Michel Boyon estime qu'au moins six conditions doivent être remplies pour assurer la viabilité de la TNT :

- une offre de programmes attractive

- la résolution de problèmes techniques - mise en place d'émetteurs numériques, notamment - "sachant que la TNT ne pourra être opérationnelle que du jour où une couverture suffisante de la population sera assurée"

- l'engagement des fournisseurs à proposer des équipements numériques de réception (décodeurs, téléviseurs ...) "à un prix accessible"

- la mise en place d'un système de distribution

- le développement de la production française d'images

- la création d'un "lieu de concertation et de coordination" entre les partenaires du projet.

"Ces conditions relèvent largement de l'initiative privée, qui ne s'engagera qu'avec l'assurance de perspectives d'exploitation économique saines", souligne Michel Boyon. Autrement dit, "le succès de la TNT ne peut être qu'un succès de marché". Certaines de ces conditions relèvent de décisions de l'Etat, souligne aussi Michel Boyon - telles que l'augmentation de la redevance audiovisuelle pour financer la TNT publique. Mais celui-ci "doit aussi veiller au bon emploi des deniers publics". Il insiste cependant sur le fait que les pouvoirs publics "ne peuvent pas se désintéresser de la TNT" et invite le gouvernement à prendre rapidement position.

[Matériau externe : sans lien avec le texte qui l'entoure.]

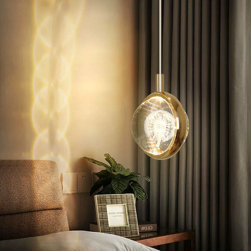 Monika Fiedler Kronleuchter mit goldenem Anhänger.Ein Produkt, sehr schön und elegant, leider fiel beim Öffnen der Verpackung die Glühbirne und das Glas zu Boden und zerbrach.
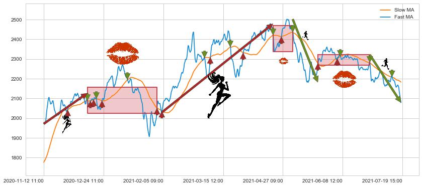 05-20 10:00至06-25 15:00 慢线与快线多次接触,存在上下穿越,有缠绕
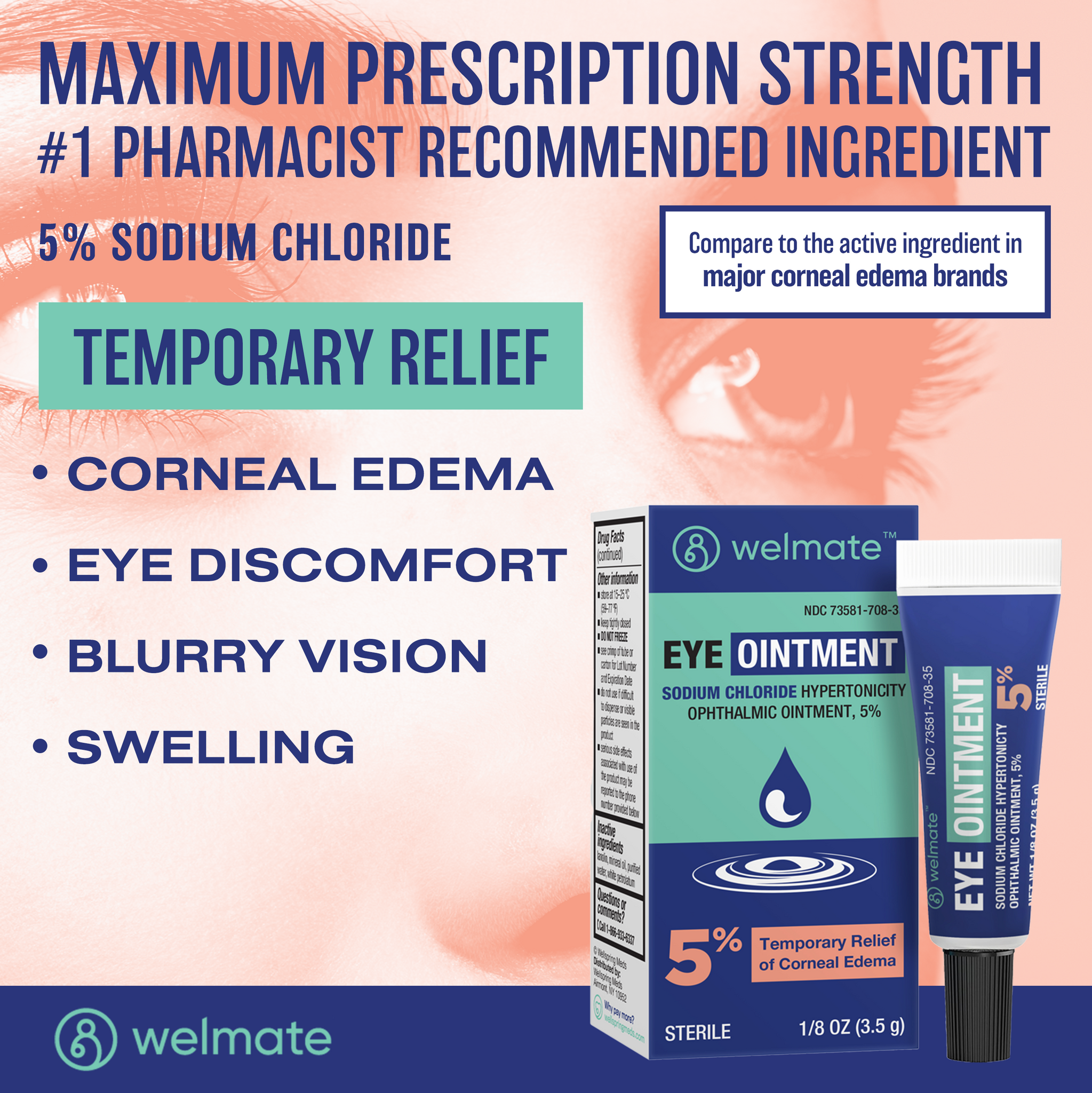 Looking for relief from Corneal Edema? With Welmate's Eye Ointment, you can get temporary relief of corneal edema. Only a small amount needed, can be reapplied every 3 to 4 hours or as directed by a doctor.
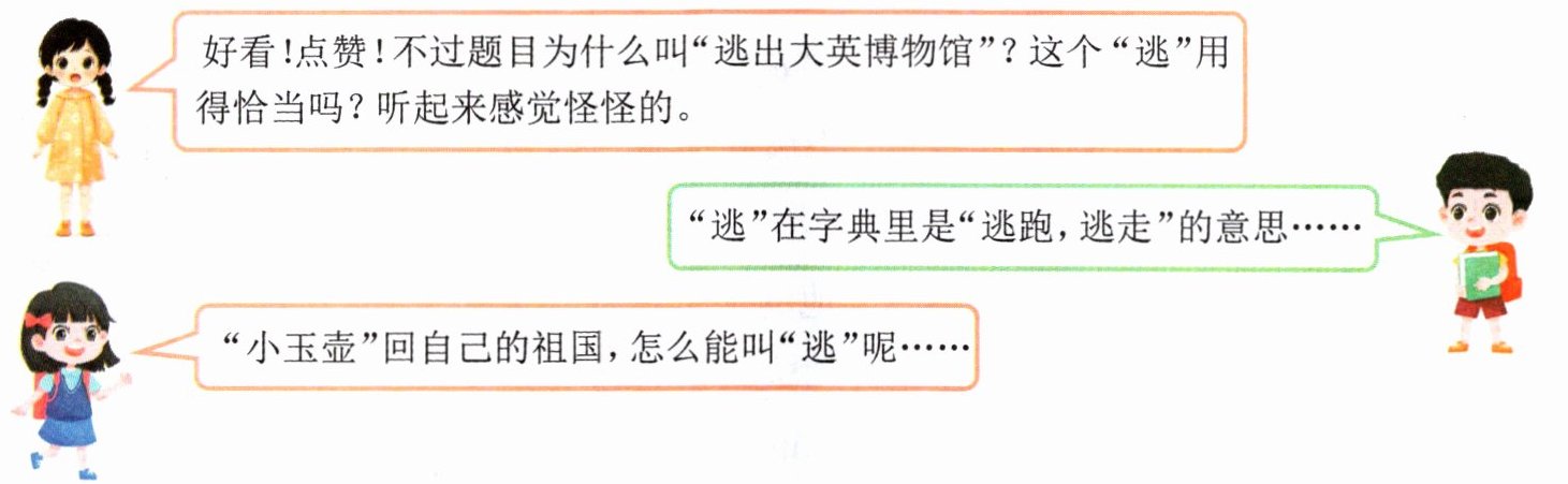 (1)对“逃出大英博物馆”中的“逃”字,大家有不同的看法。你赞成哪种说法?请说明理由。(2分)
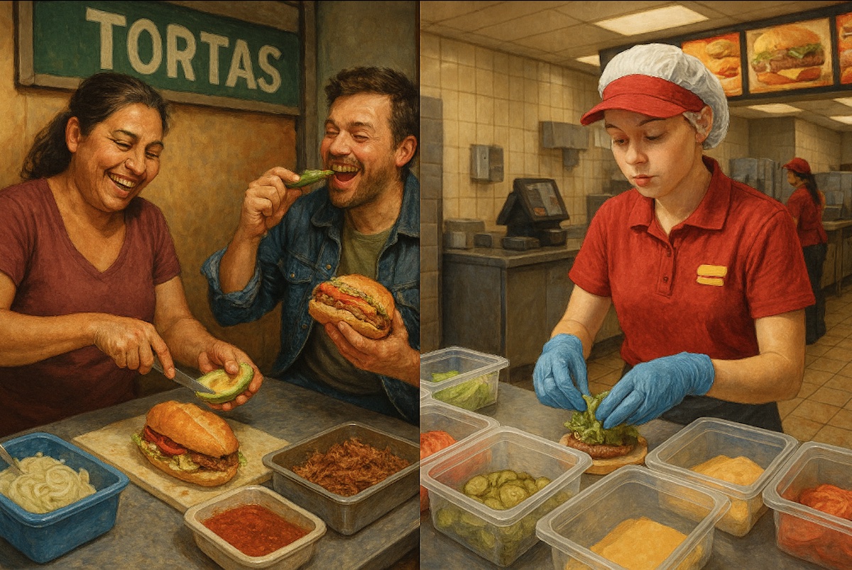 Comida que se vende. Tacos o tortas pueden comerse rápido, pero su consumo inmediato no convierte a estos alimentos en “comida rápida” (fast food) porque eso depende de una estructura culinaria donde interviene su preparación. Si hubiera que establecer una diferencia básica entre una torta y una hamburguesa, que sí corresponde al fast food, es la preparación de los ingredientes que las componen. Los rellenos de las tortas se guisan en los locales; los de las hamburguesas, están precocinados.
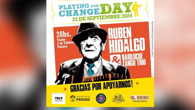 Una noche única para disfrutar con un grupo ecléctico de artistas, que te llevarán desde el tango hasta percusión afro-latina. El maestro Rubén Hidalgo, con más de 70 años de trayectoria nacional e internacional, se presentará junto a Bariloche Tango Trio con todo su arte y pasión. También participarán Agua de Río Percusión, Elemento y otros artistas invitados.
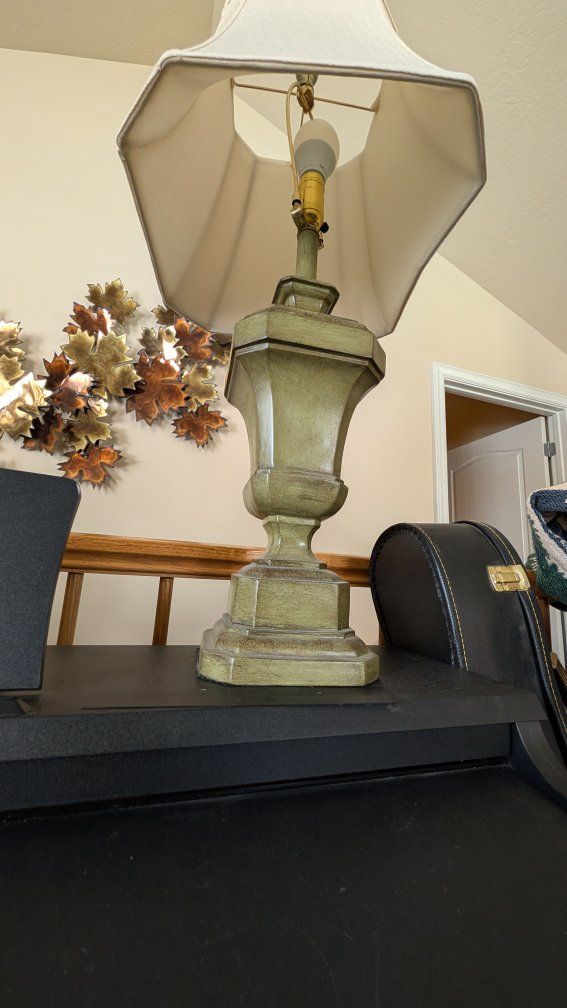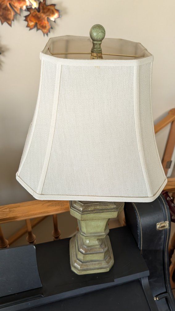 VenmoGreen side table lamp 6.5" squared base, 2'6" tall. Lamp shade is 1'2" deep and wide.
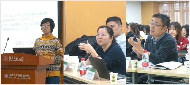 刘晨蕊同学汇报的题目为“How can digital technology-related M&As affect firm’s innovation performance? The role of innovation capability, CEO duality and acquisition experience”。童璐琼老师肯定了此研究所用方法的科学性,同时建议在变量的选择上可以更加谨慎。焦豪老师认为在以后的研究中可以探究数字化并购的独特路径,探究其内在机制。
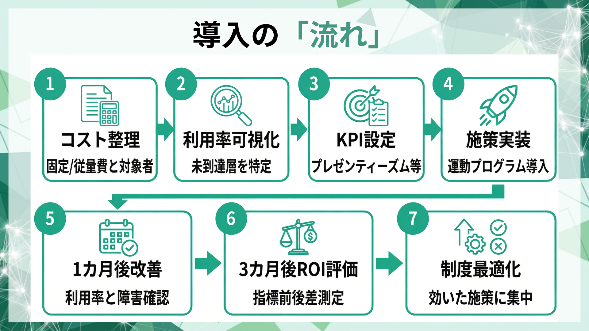 本プログラムは、福利厚生を「入れて終わり」にせず、利用率×変化指標×コストで費用対効果を可視化し、制度改善までを伴走するROI検証支援です。
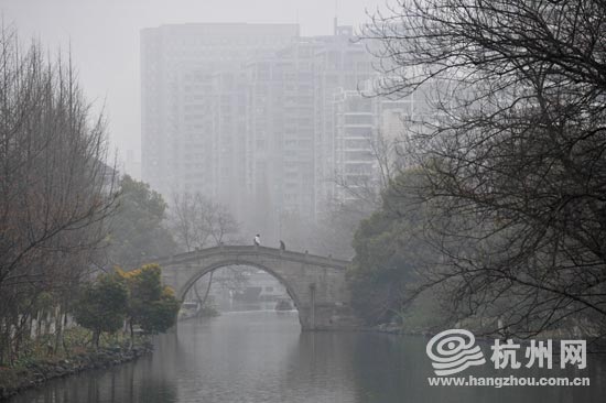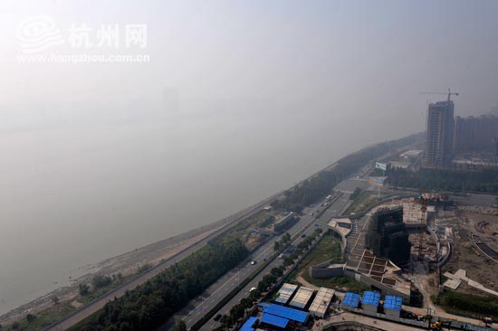 2011年为杭州属霾天气多发年份。(图为早上10点的钱塘江边。)
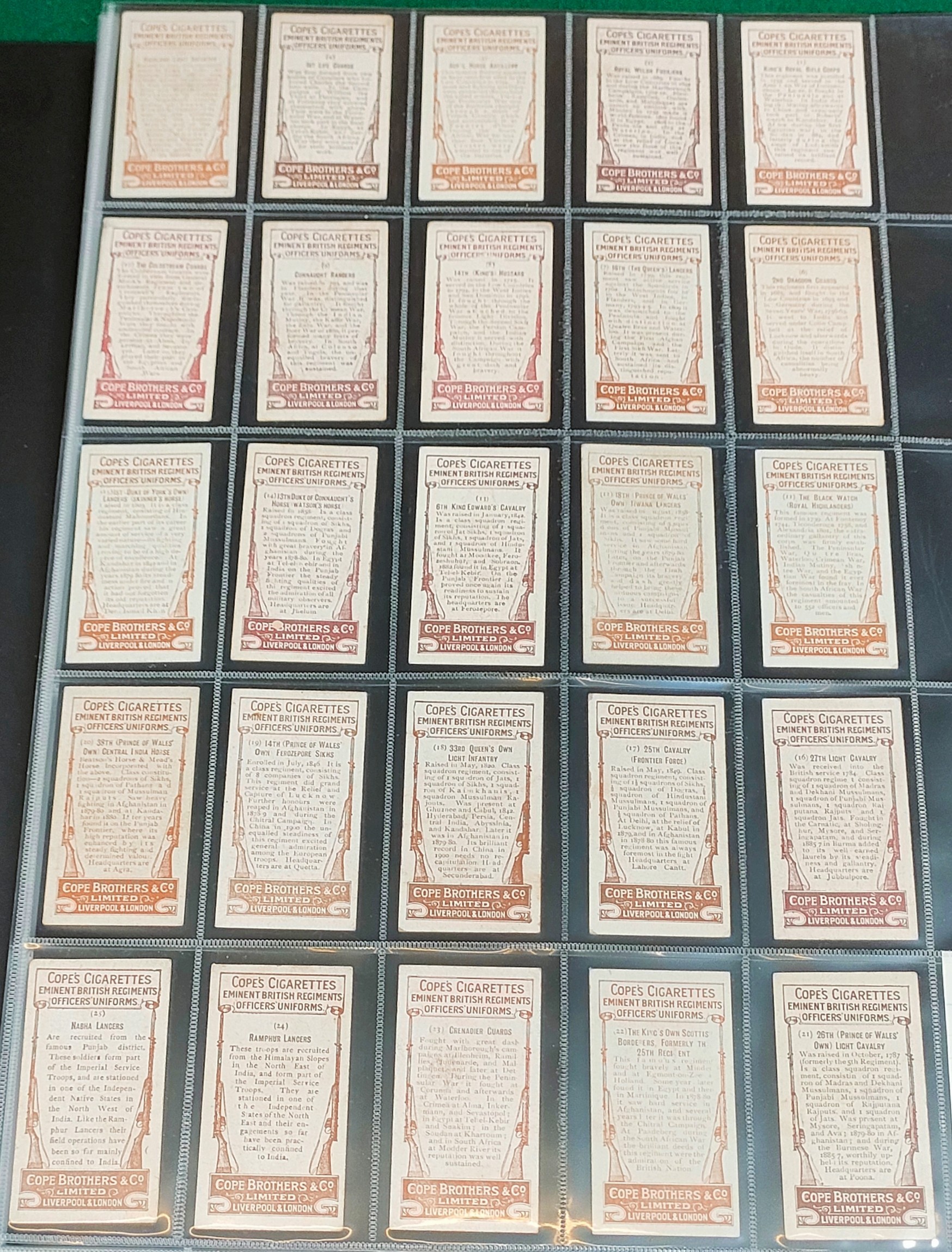 Set of Copes British Regiments Officers cards
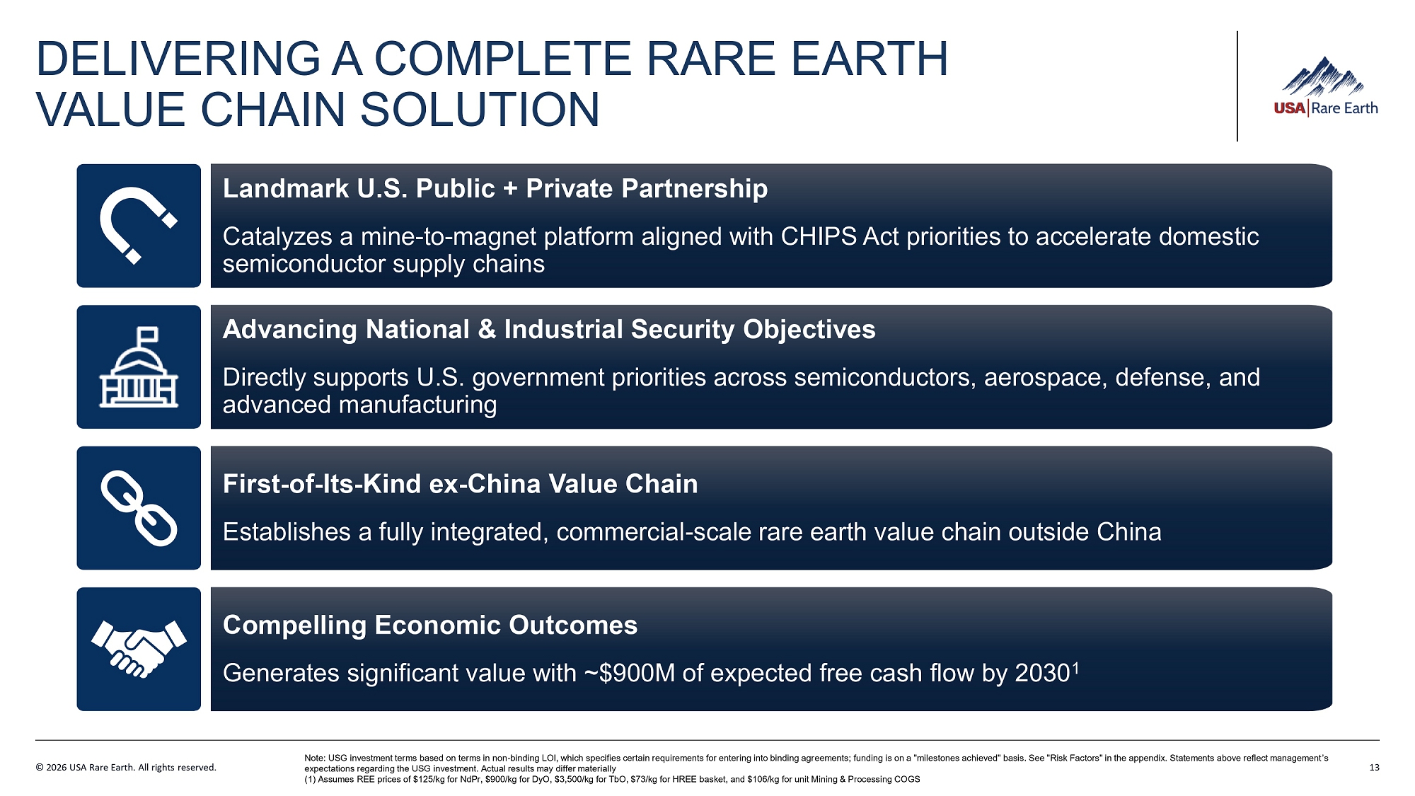 12 © 2026 USA Rare Earth. All rights reserved. CLEAR CAPITAL PATH TO STRONG CASH GENERATION Go - Forward Sources and Uses Detail to Accelerate Scale ($ in billions) Substantial EBITDA and FCF 4 Targeted by 2030 Cash Today + PIPE & Other Investments 1 Total Uses Total Government Investment 2 Additional Capital 3 (1) Includes $343 million of cash on balance sheet as of January 2026, ~$1.4 billion in net proceeds from the PIPE financing and a $154 million investment from an allied nation (2) Total investment subject and disbursed according to the Company achieving certain milestones. Assumes warrant for 10% of FDS O is not exercised (3) Consists of institutional or strategic equity (4) Assumes REE prices of $125/kg for NdPr , $900/kg for DyO , $3,500/kg for TbO , $73/kg for HREE basket, and $106/kg for unit Mining & Processing COGS "Use of Projections; 2030 Targets; Non - GAAP Financial Measures“ on slide 3 and "Risk Factors“ in the appendix for more details r egarding these estimates and assumptions ~$1.9 ~$1.6 ~$0.6 ~$4.1 Key Uses Detail • Capex funds critical domestic rare earth production capabilities: • Investments into the European Union to develop additional strip cast & metal making capabilities and any operational needs Mining & Processing Magnet Making Strip Cast & Metal Making ~$2.6 Billion 2030E Revenue ~$1.2 Billion 2030E EBITDA ~$900 Million 2030E Free Cash Flow
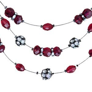 This elegant multi-strand necklace features vibrant red beads and shimmering silver accents. Lightweight and stylish, it is suitable for formal or casual wear.

De fait, le ministre de la Culture et de la Communication, Jean-Jacques Aillagon, devrait s'exprimer sur le sujet au début de la semaine. On indique à Matignon que le gouvernement est favorable à la poursuite du développement de la TNT. Michel Boyon propose que l'Etat "accompagne" ce développement, notamment en "préfinançant" les premiers aménagements de fréquences, en favorisant une offre audiovisuelle publique numérique et en programmant l'arrêt des émissions analogiques en fonction du "rythme de renouvellement" des téléviseurs. Si toutes ces conditions sont remplies, il estime que les émissions de la TNT pourraient commencer en décembre 2004, avec un taux de couverture d'environ 40% de la population. "Après quoi, le seuil psychologique des 50% doit impérativement être atteint en 12 mois", ajoute-t-il. Pour Michel Boyon, au rythme actuel, les 110 "points hauts" permettant de couvrir environ 80% de la population ne seront pas opérationnels avant 2008.